What Will Compound Over the Next 10 Years?

I’ve been explaining how companies have performed over the last 10 years, but I don’t necessarily think Apple, Tesla, and NVIDIA will continue to outperform the market over the next 10 years.

Business models and valuations still matter, and a few companies are winning in potentially enormous industries and have a chance to go from household name to asymmetric returns. In each case, their users and revenue per user will compound, just like the winners above.

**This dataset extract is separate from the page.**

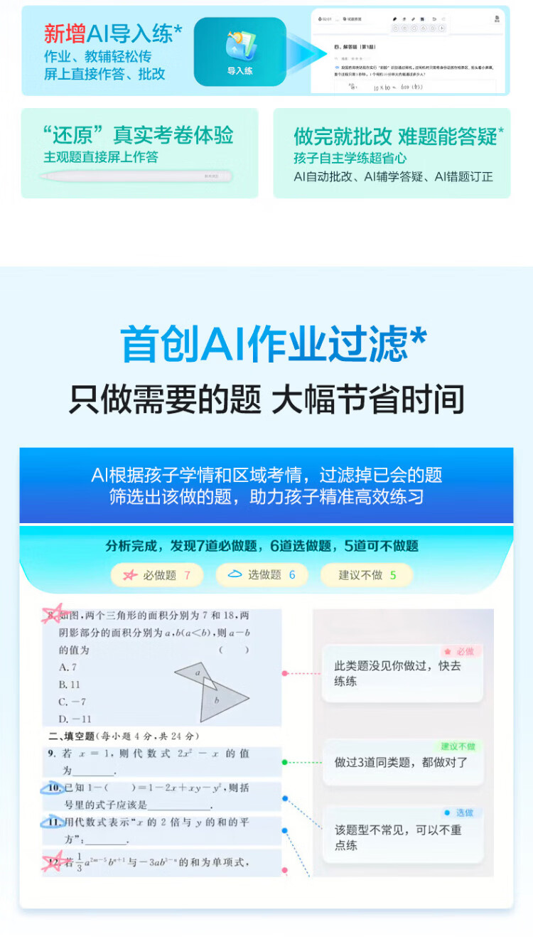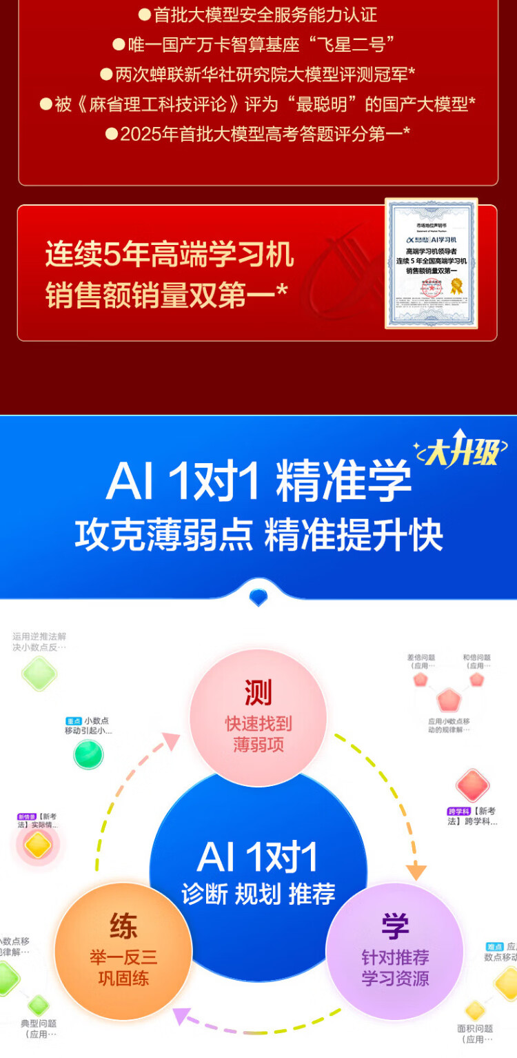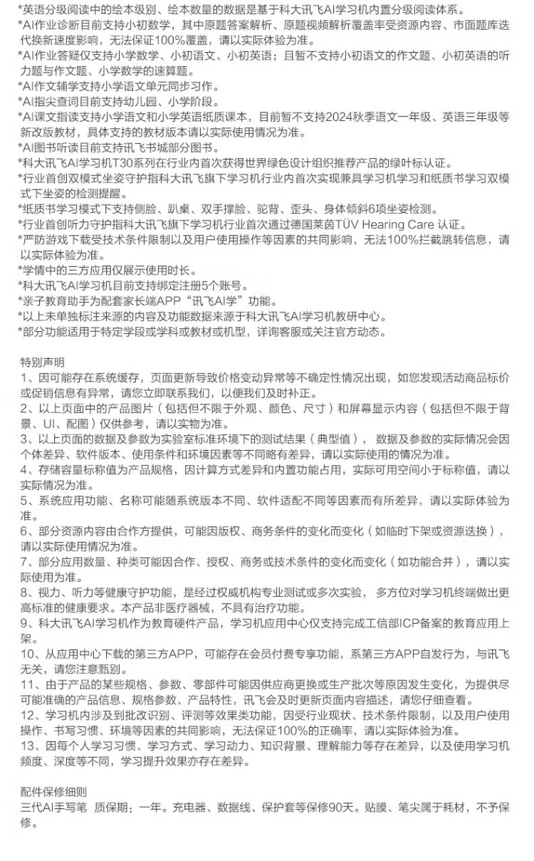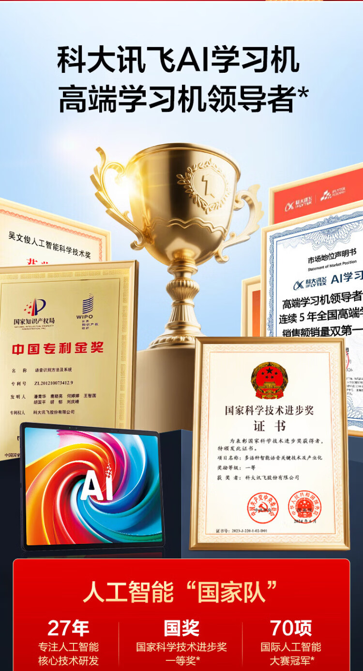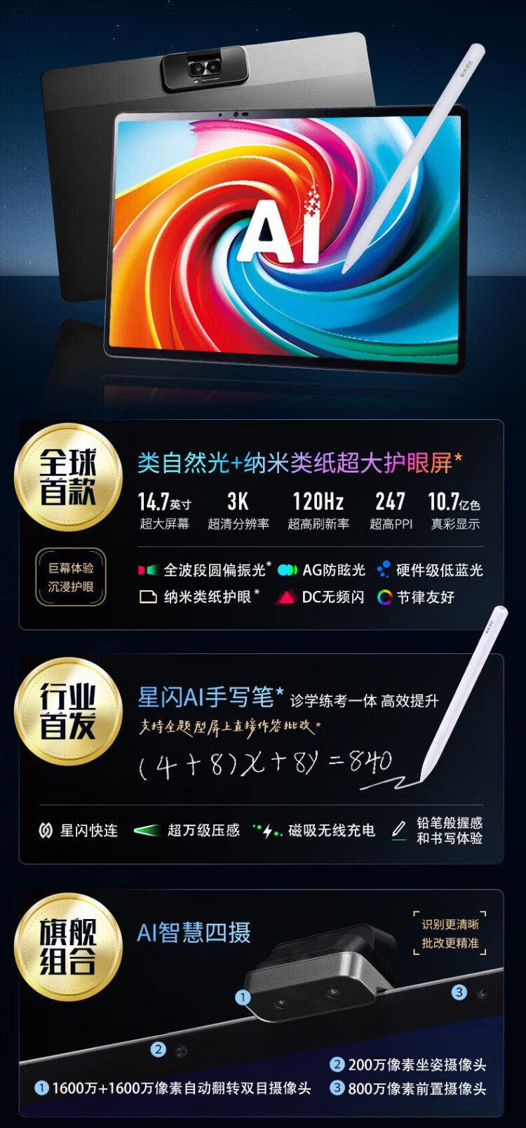 IFLYTEK Artificial Intelligence Learning Machine T30Pro/T30 Lite Primary School Junior High School High School AI Accurate Question Answering Spark+DeepSeek Large Screen Eye Protection Student Tablet Tutoring Machine T30 Pro 12+512G 14.7-inch Large Screen

  1. Alphabet Will Win in AI: For as much attention as ChatGPT gets, Google is putting up the numbers. The cloud is growing 30%+ year over year, and Gemini 3 shows that Google can build world-class models. I’ve been saying it for years, but Alphabet/Google is the best way to play AI, and in 10 years I think we’ll see them winning as obvious.

  2. Hims & Hers Will Be the Winner in Healthcare: Who is disrupting an incredibly broken healthcare system? Hims & Hers is one of the few names, and as much as it’s a well-known stock today, it may be a household name with tens of millions of subscribers a decade from now.

  3. Zillow Will Win Housing: Where do you go first to look for homes? Zillow? Did you know Zillow is also the #1 place to look for rentals? Zillow is almost a verb in housing, and I think that will be true in a decade. Follow the eyeballs.

  4. Uber Will Win Rides and Deliveries: Uber is the biggest name in ride-sharing today. Are we not going to need rides in 10 years? K-I-S-S

I own every single one of these four stocks because they’re household names today that have a chance to be 10x returns over the next 10 years.

Often, asymmetric ideas are staring us in the face. We don’t need complicated models or theories of what the world will look like to beat the market.

Learn from the past and implement logical strategies to win in the future.

That simple strategy is working and will likely continue to work for many years to come.

Disclaimer: Asymmetric Investing provides analysis and research but DOES NOT provide individual financial advice. Travis Hoium may have a position in some of the stocks mentioned. All content is for informational purposes only. Asymmetric Investing is not a registered investment, legal, or tax advisor or a broker/dealer. Trading any asset involves risk and could result in significant capital losses. Please, do your own research before acquiring stocks.